§ **MATERIAL FOR THIS EXERCISE**
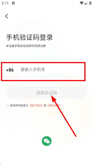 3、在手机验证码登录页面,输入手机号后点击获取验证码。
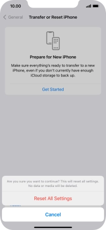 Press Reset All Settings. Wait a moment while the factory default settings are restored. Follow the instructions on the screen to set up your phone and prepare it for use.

---

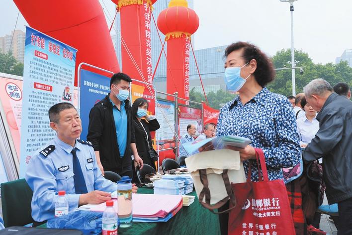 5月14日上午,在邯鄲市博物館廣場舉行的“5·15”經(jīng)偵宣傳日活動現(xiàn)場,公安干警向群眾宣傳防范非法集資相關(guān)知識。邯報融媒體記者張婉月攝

---

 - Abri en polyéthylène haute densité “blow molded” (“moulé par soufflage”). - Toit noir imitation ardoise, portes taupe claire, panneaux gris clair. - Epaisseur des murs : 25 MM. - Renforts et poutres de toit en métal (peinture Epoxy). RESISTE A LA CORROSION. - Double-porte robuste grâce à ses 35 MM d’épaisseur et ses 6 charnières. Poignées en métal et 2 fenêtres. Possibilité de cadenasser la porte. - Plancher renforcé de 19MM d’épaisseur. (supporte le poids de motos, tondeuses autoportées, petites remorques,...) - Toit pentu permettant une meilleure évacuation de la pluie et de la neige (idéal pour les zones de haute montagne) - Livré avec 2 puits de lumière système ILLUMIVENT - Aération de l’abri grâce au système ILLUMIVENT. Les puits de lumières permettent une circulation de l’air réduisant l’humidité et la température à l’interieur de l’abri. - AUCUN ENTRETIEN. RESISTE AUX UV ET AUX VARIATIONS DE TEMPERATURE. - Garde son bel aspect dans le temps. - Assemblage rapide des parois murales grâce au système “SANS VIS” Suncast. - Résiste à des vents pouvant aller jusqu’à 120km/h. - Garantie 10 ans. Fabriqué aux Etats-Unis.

§ **YOUR ASSIGNMENT**
With the pictures omitted, copy exactly the lines of the listing above starting at the line containing "3、在手机验证码登录页面,输入手机号后点击获取验证码。" and ending at the line containing "Press Reset All", both included.

§ **RESPONSE**
 3、在手机验证码登录页面,输入手机号后点击获取验证码。
 Press Reset All Settings. Wait a moment while the factory default settings are restored. Follow the instructions on the screen to set up your phone and prepare it for use.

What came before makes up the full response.